━━━━━ Provided records ━━━━━

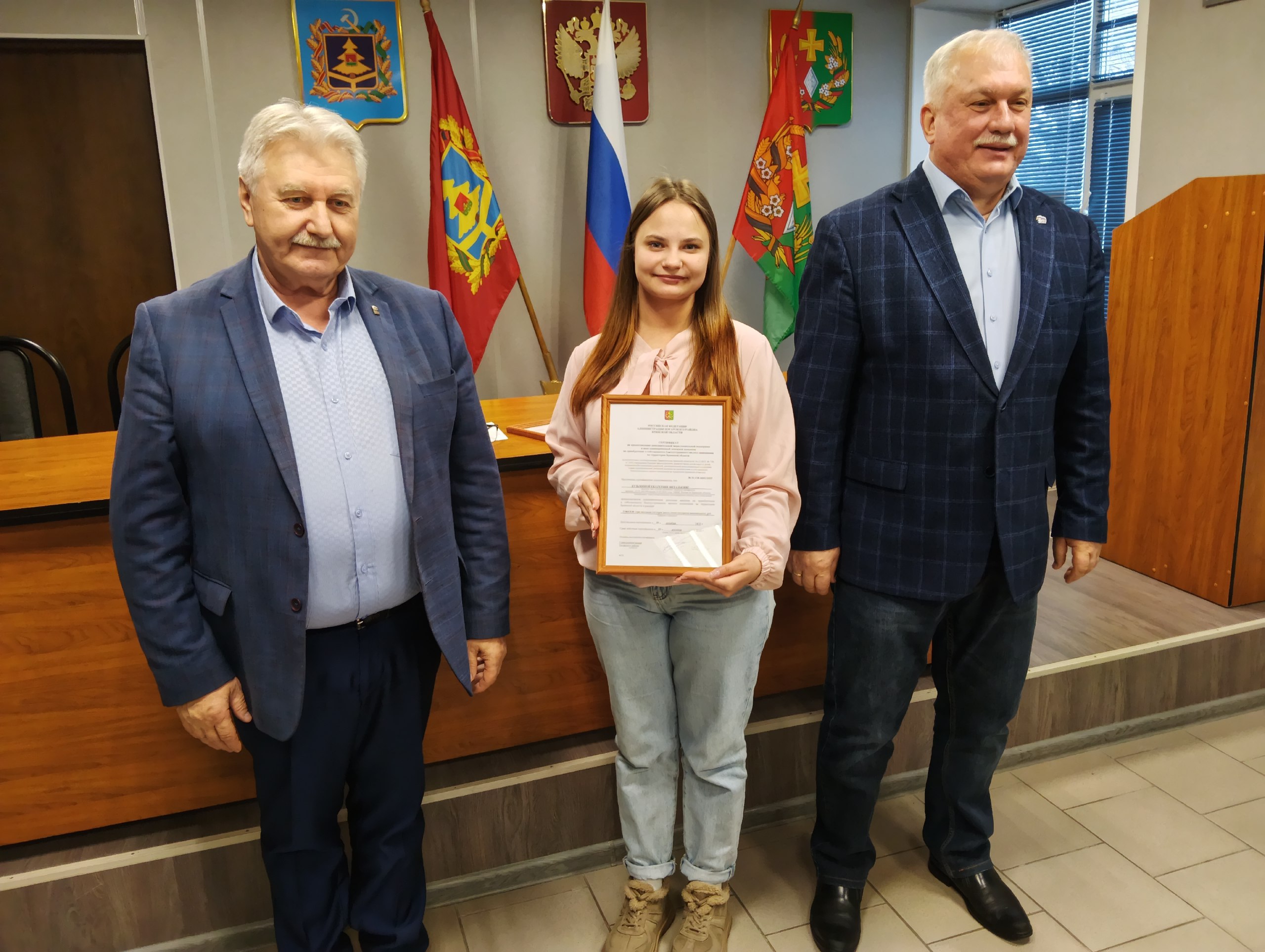 Вместе с главой Погарского района Геннадием Гунарем вручили сертификаты двум сиротам Кузьминой Екатерине и Гераськовой Вере.
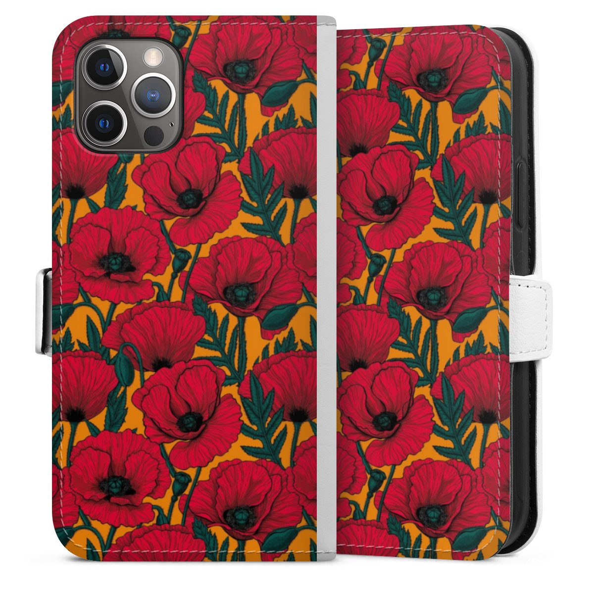 For our Sideflip Case we are using our advanced direct printing technology. The back and frontside are fully printabale, the inside of the phone bag is left unprinted. You can order the phone case without print, printed completely or also with a partial print.
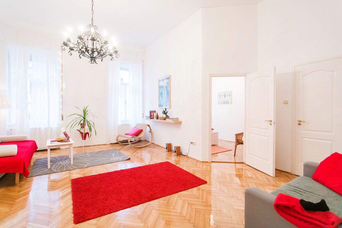 Smeštaj obuhvata jednu spavaću sobu sa bračnim krevetom (širine 150-179 cm) i veoma odvojenu dnevnu sobu sa otvorenom kuhinjom i trpezarijskim stolom. Kupatilo je veliko i mazi. Stan je pun svjetla, prozračan i ima odličnu atmosferu. Imate brzi WI-FI u stanu, kao i lan vezu. Ceo stan je dostupan za upotrebu, uključujući Nespreso aparat za kafu, rernu, frižider i mikro. Našim gostima nudimo da uživaju u našim organskim ručno izrađenim sapunima. Imate brzi WI-FI u stanu, kao i lan vezu. Ceo stan je dostupan za upotrebu, uključujući Nespreso aparat za kafu, rernu, frižider i mikro. Stan se nalazi u petom okrugu, u srcu centra Budimpešte. Komšiluk je živahan, a restorani, kafići i ruševine su svuda unaokolo. Ulica je vrlo blizu poznate Dohany sinagoge i trgovačke ulice Vaci. Kretanje ne može biti jednostavnije iz ovog stana. Možete da prošetate do poznatog centra grada ili da koristite neki od odličnih javnog prevoza; autobus, metro ili tramvaj. Stan je udaljen 50-200 metara od autobuske, tramvajske i metro stanice. Stan se nalazi na drugom spratu istorijske zgrade koju je dizajnirao isti poznati arhitekta opere. Stan je moderan, ali zgrada nije renovirana i nema LIFT, slično kao mnoge zgrade u centru Budimpešte koje spajaju prošlost i sadašnjost, stare i nove.
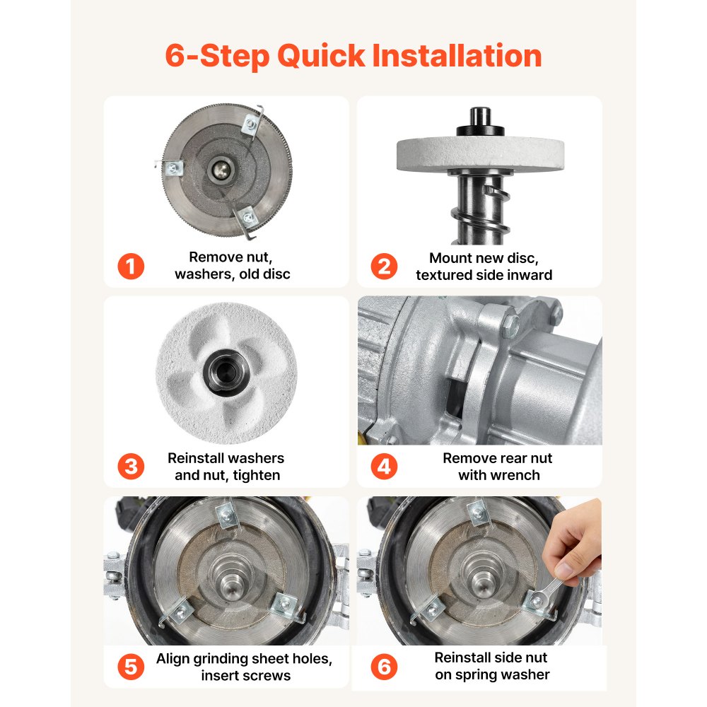 Suché i mokré mletí: Mlecí desky VEVOR 2PCS pro elektrické mlýnky na obilí podporují suché i mokré mletí. Deska pro suché mletí je ideální pro kávová zrna, obiloviny, koření a ořechy a deska pro mokré mletí zvládne ovoce, maso, olejnaté ořechy, cukr a sůl.
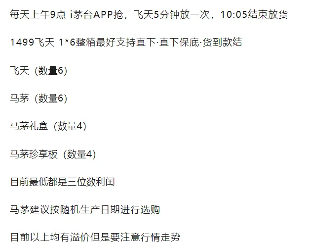 3.不要同一个手机,登录多个账号付款。4.不要多个账号填同一个名字、地址、和手机号。5.不要使用代付,尽量直接转给抢到的人,让他本人手机支付,收货地址和联系人手机号都填他本人的,或收货地址使用地址库。茅台1935,新珍品茅台,精品茅台,茅台十五年,公斤茅台,i茅台所有商品,低于抢购价
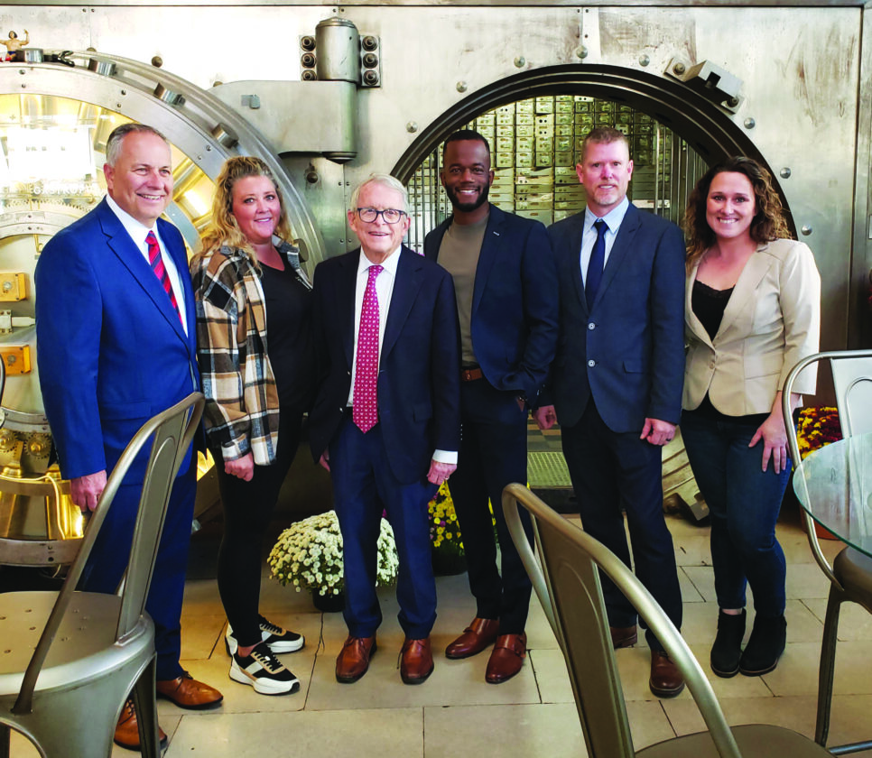 Ohio Gov. Mike DeWine (center) poses with, from left, Chuck Bailey, founder and president, True North LLC; Kiley May; Troy Chisom, Kevin Kerr and Mandy Jones, all management staff at Cadence Vault and Gastro Pub, during his visit and walking tour of downtown East Liverpool. (Photo by Kristi R. Garabrandt)
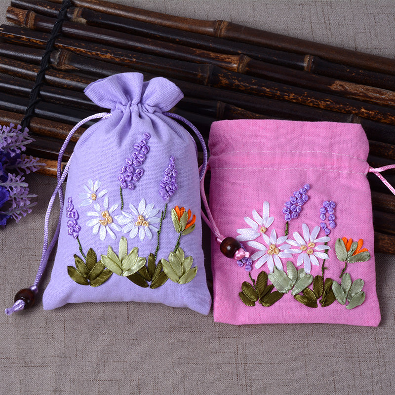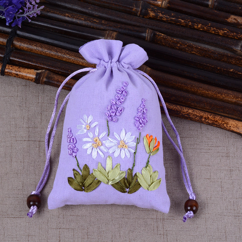 Lavender sachet Purple handmade ribbon embroidered sachet Dragon Boat Festival portable wardrobe jewelry Ancient style sachet empty bag
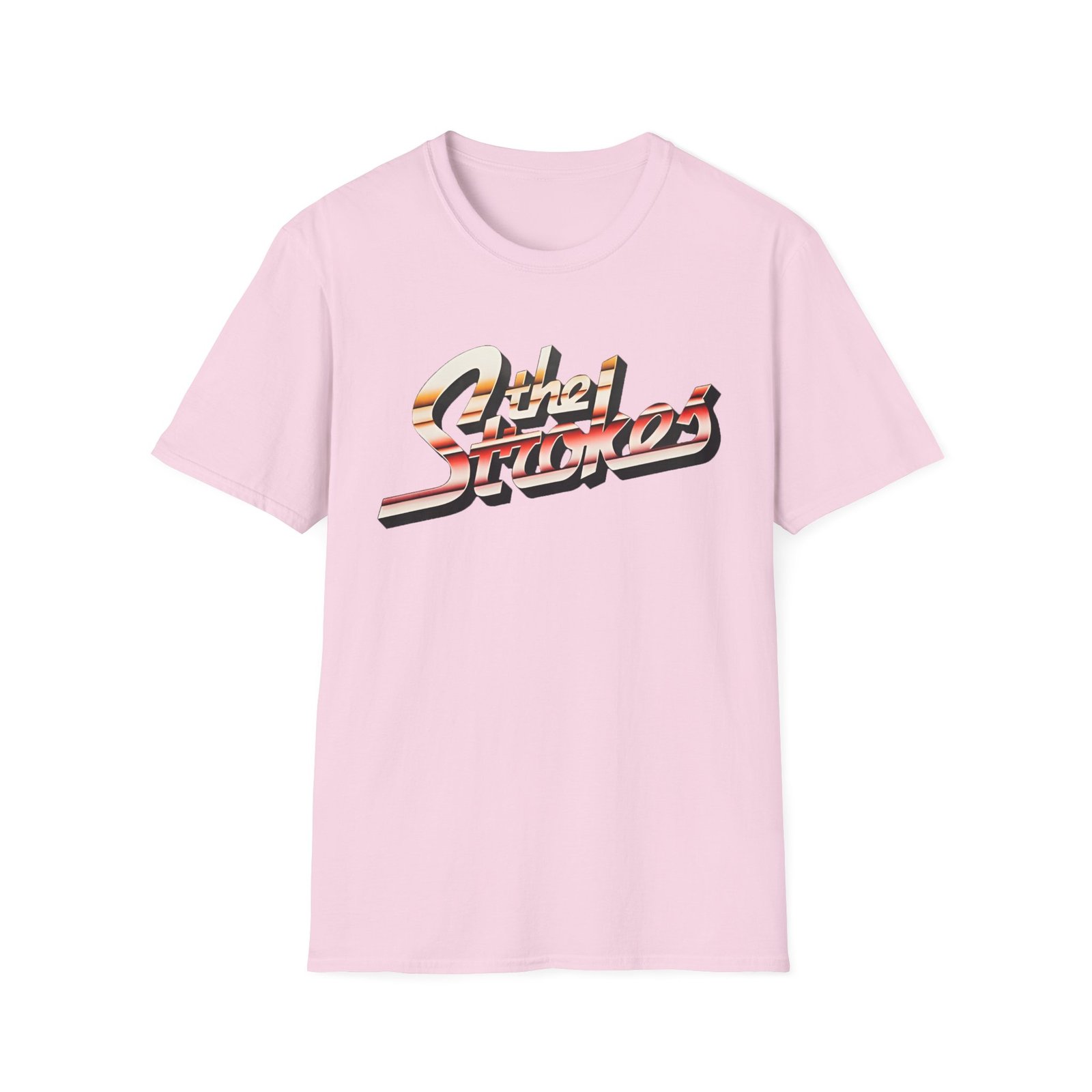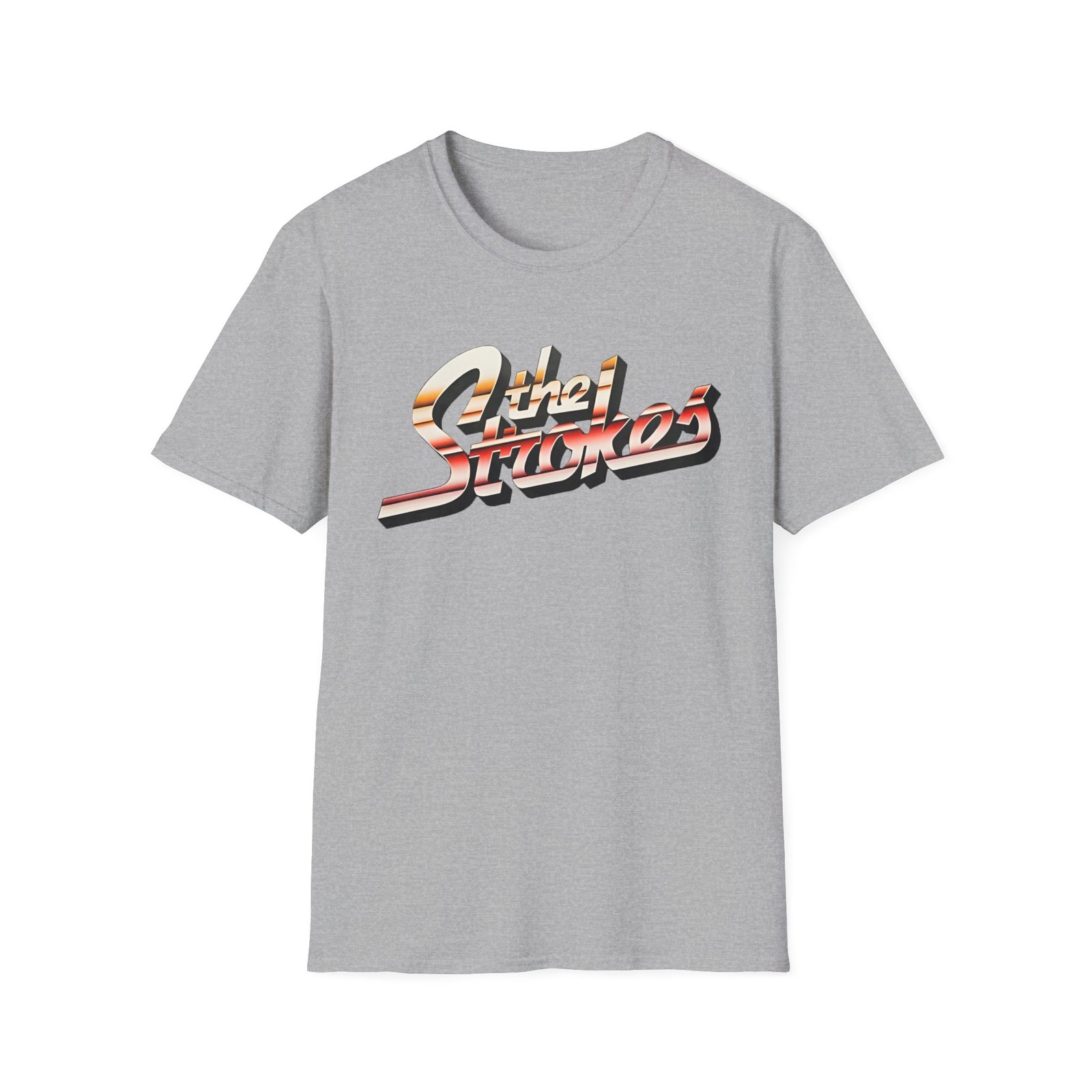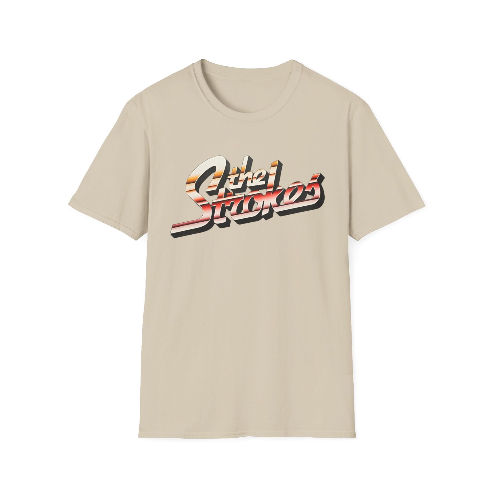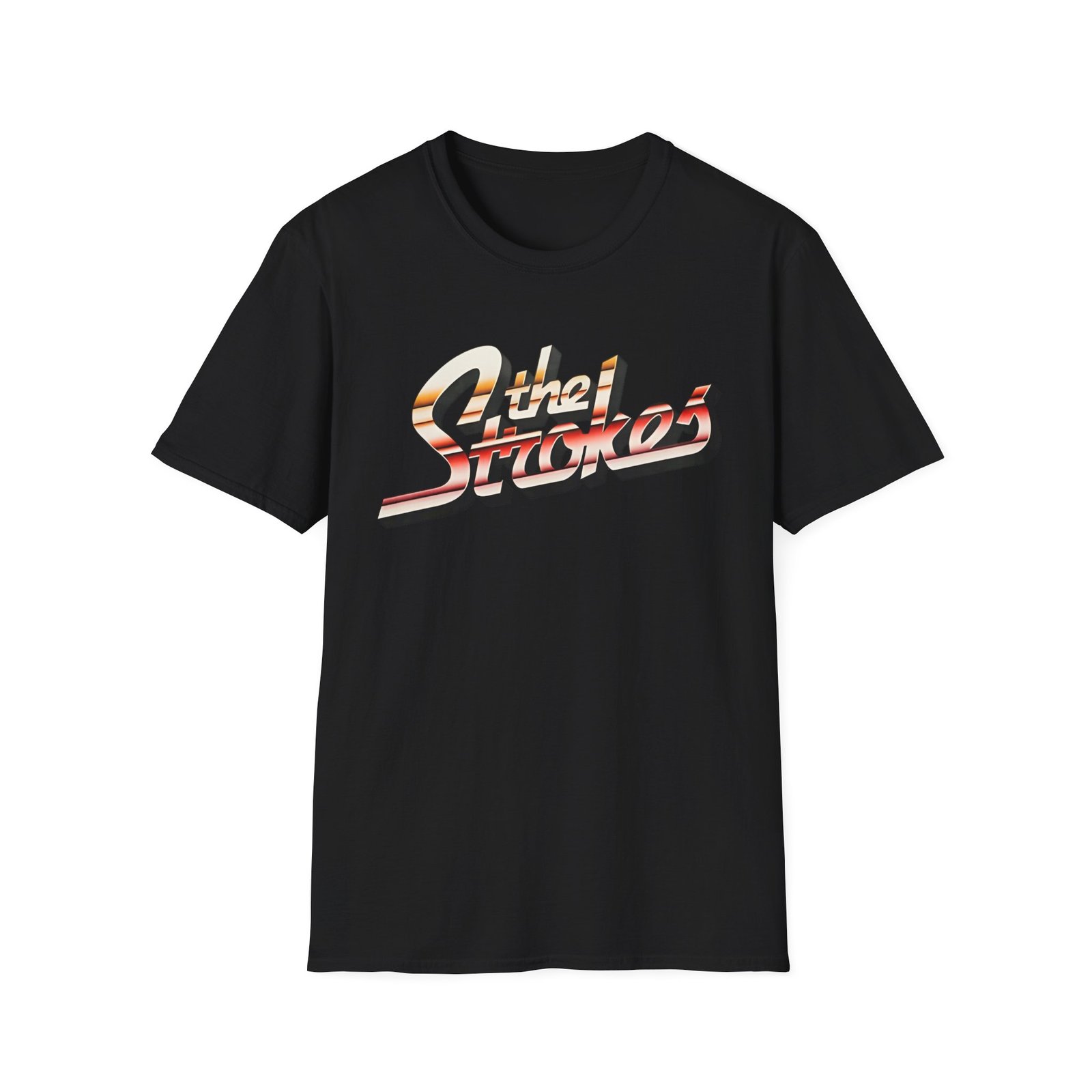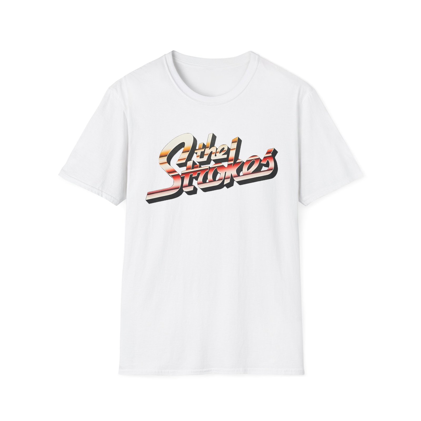The The Stroke Striped Logo unisex soft-style t-shirt puts a new spin on casual comfort. Made from very soft materials, this tee is 100% cotton for solid colors. Heather colors and sports grey include polyester. The shoulders have twill tape for improved durability. There are no side seams. The collar is made with ribbed knitting to prevent curling damage.

━━━━━

__What is needed__. Restate the data word for word while omitting each picture.

__Response for this exercise__.
 Вместе с главой Погарского района Геннадием Гунарем вручили сертификаты двум сиротам Кузьминой Екатерине и Гераськовой Вере.
 For our Sideflip Case we are using our advanced direct printing technology. The back and frontside are fully printabale, the inside of the phone bag is left unprinted. You can order the phone case without print, printed completely or also with a partial print.
 Smeštaj obuhvata jednu spavaću sobu sa bračnim krevetom (širine 150-179 cm) i veoma odvojenu dnevnu sobu sa otvorenom kuhinjom i trpezarijskim stolom. Kupatilo je veliko i mazi. Stan je pun svjetla, prozračan i ima odličnu atmosferu. Imate brzi WI-FI u stanu, kao i lan vezu. Ceo stan je dostupan za upotrebu, uključujući Nespreso aparat za kafu, rernu, frižider i mikro. Našim gostima nudimo da uživaju u našim organskim ručno izrađenim sapunima. Imate brzi WI-FI u stanu, kao i lan vezu. Ceo stan je dostupan za upotrebu, uključujući Nespreso aparat za kafu, rernu, frižider i mikro. Stan se nalazi u petom okrugu, u srcu centra Budimpešte. Komšiluk je živahan, a restorani, kafići i ruševine su svuda unaokolo. Ulica je vrlo blizu poznate Dohany sinagoge i trgovačke ulice Vaci. Kretanje ne može biti jednostavnije iz ovog stana. Možete da prošetate do poznatog centra grada ili da koristite neki od odličnih javnog prevoza; autobus, metro ili tramvaj. Stan je udaljen 50-200 metara od autobuske, tramvajske i metro stanice. Stan se nalazi na drugom spratu istorijske zgrade koju je dizajnirao isti poznati arhitekta opere. Stan je moderan, ali zgrada nije renovirana i nema LIFT, slično kao mnoge zgrade u centru Budimpešte koje spajaju prošlost i sadašnjost, stare i nove.
 Suché i mokré mletí: Mlecí desky VEVOR 2PCS pro elektrické mlýnky na obilí podporují suché i mokré mletí. Deska pro suché mletí je ideální pro kávová zrna, obiloviny, koření a ořechy a deska pro mokré mletí zvládne ovoce, maso, olejnaté ořechy, cukr a sůl.
 3.不要同一个手机,登录多个账号付款。4.不要多个账号填同一个名字、地址、和手机号。5.不要使用代付,尽量直接转给抢到的人,让他本人手机支付,收货地址和联系人手机号都填他本人的,或收货地址使用地址库。茅台1935,新珍品茅台,精品茅台,茅台十五年,公斤茅台,i茅台所有商品,低于抢购价
 Ohio Gov. Mike DeWine (center) poses with, from left, Chuck Bailey, founder and president, True North LLC; Kiley May; Troy Chisom, Kevin Kerr and Mandy Jones, all management staff at Cadence Vault and Gastro Pub, during his visit and walking tour of downtown East Liverpool. (Photo by Kristi R. Garabrandt)
 Lavender sachet Purple handmade ribbon embroidered sachet Dragon Boat Festival portable wardrobe jewelry Ancient style sachet empty bag
The The Stroke Striped Logo unisex soft-style t-shirt puts a new spin on casual comfort. Made from very soft materials, this tee is 100% cotton for solid colors. Heather colors and sports grey include polyester. The shoulders have twill tape for improved durability. There are no side seams. The collar is made with ribbed knitting to prevent curling damage.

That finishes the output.